I don't mean to insinuate that I was a limp wrist, just waiting for the end of the day to slip into a sexy pair of panties and a pretty frock. But once she truly felt that I was not "Playing for the team," she was willing to treat me like a woman, with all the honors associated with that title, which included a little bit more insight to the woman's thought process about clothes, baby poop, sexuality and cleaning. She was astute enough to appreciate the fact that baby poop was a topic wasted on me, but most women feel that men are too sensitive about gross out topics such as lime green projectile vomiting and its affect on a multi-colored blouse, and the cleaning difficulties involved with it. First will be a discussion on why the vomit was the color it was (Involving lima beans, another topic I normally avoid), and eventually will invite some interactive discussion on various soaking and cleaning techniques. When a woman is willing to share on such a plane, it means they have bought into the fact that they no longer consider you a sexual adversary.

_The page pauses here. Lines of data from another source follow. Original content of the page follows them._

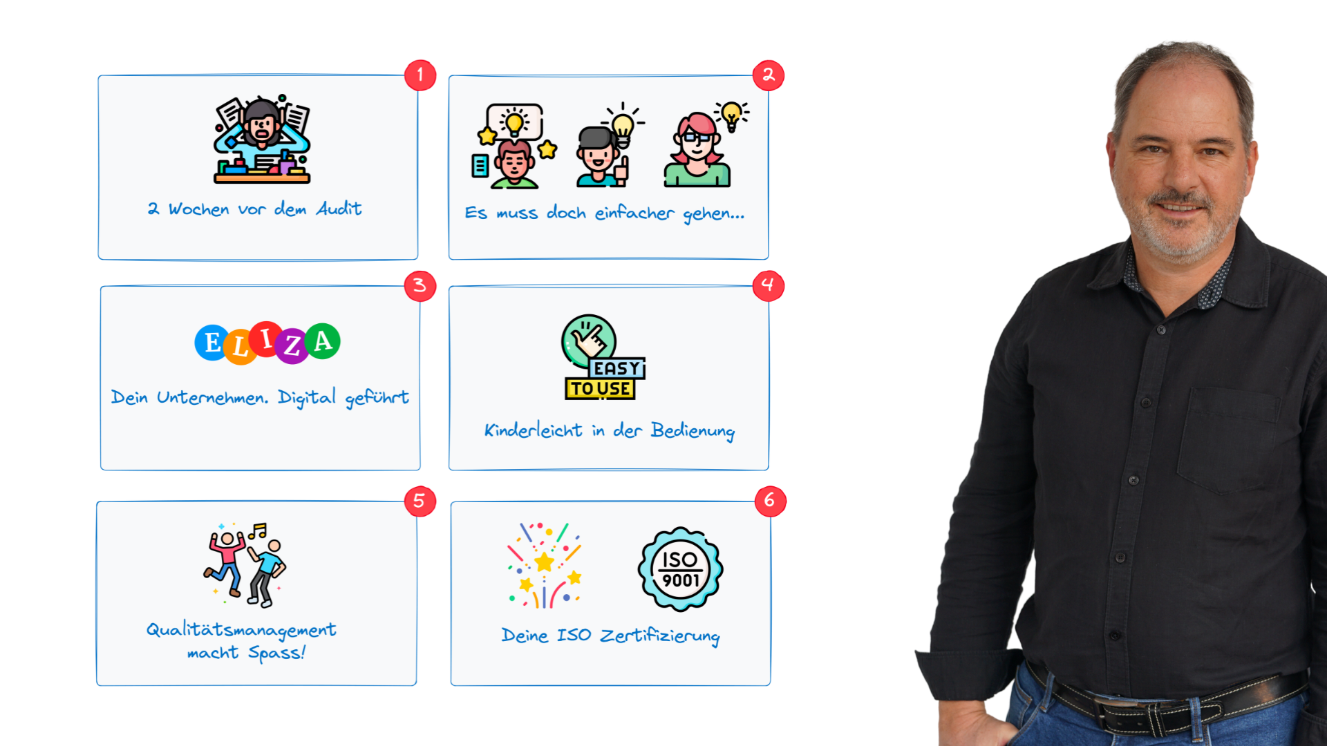 Die ELIZA AG und ihre Partnerfirmen bieten umfassende Unterstützung und Schulung bei der Einführung von ELIZA. Du und dein Team werdet eingehend in die Nutzung und die verschiedenen Funktionen der QM-Lösung eingeführt. Du kannst dich jederzeit an einen kompetenten Ansprechpartner wenden und erhältst Hilfe bei Fragen oder Problemen. So wird der Umstieg auf ELIZA zum Erfolg und deine Prozesse werden optimal digitalisiert.
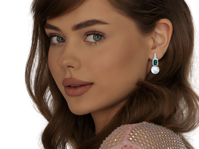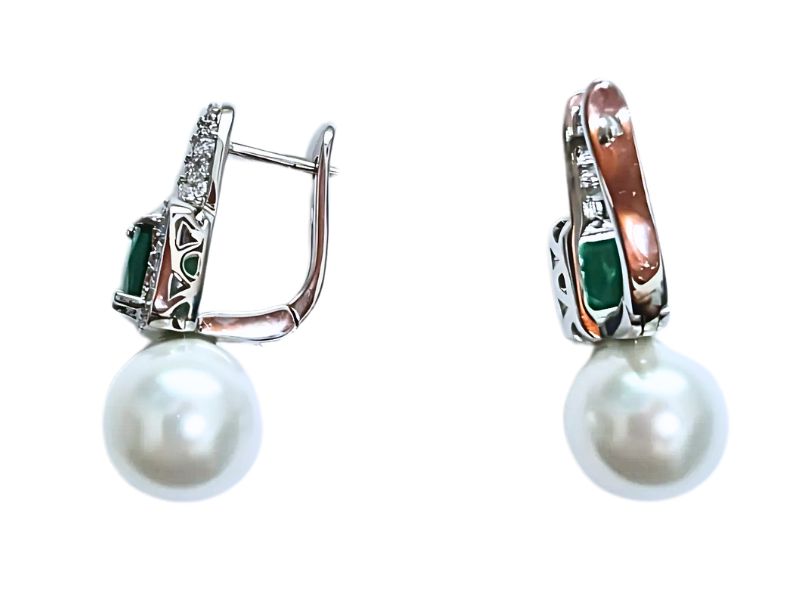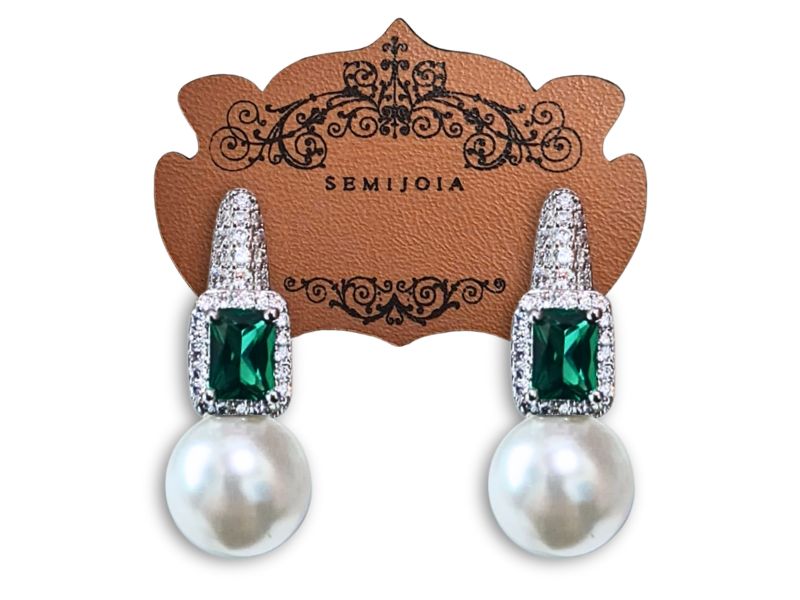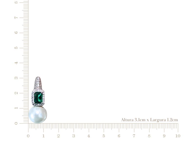 Cód. 005270/030 – Brinco Argola Lapidação Carré Esmeralda Cravejada de Zircônias Transparentes com Pérola de 12mm Branca em Banho de Prata 925
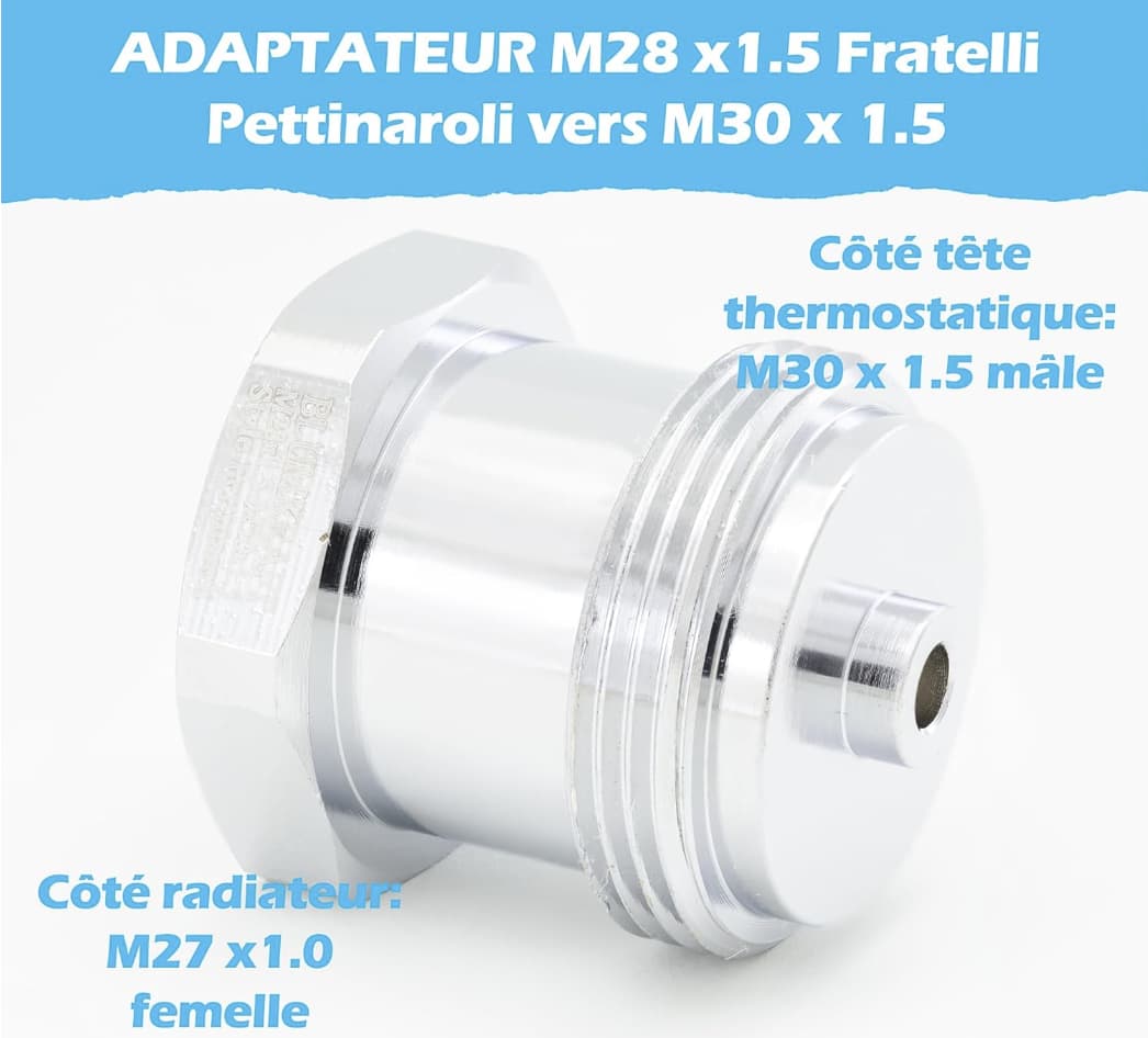 je bute depuis deux jours sur la recherche désespérée d’un adaptateur de tête thermostatique. J’ai en effet reçu la tête connectée MOES et je m’aperçois que le diamètre est du m30 alors que mes radiateurs sont des M28.

It is perhaps a good time to discuss my hetero-sexual strategy. I can't have any woman who knows of me as an architect to believe that I am straight. I don't believe that any relationship is forever, so if the inevitable happens and we break up, the woman would then have a blackmail lever over me. So I keep an absolute policy of keeping women, mentally, at arm's length in that world. I date women through a dating service and they think, in fact they know, that I am a rich playboy paying for the association. They have no illusions that I am a long term commitment and a lot of pressure is off both of us. It works out nicely for me, but it does take some work to keep the two sides of me apart. But I do love a challenge.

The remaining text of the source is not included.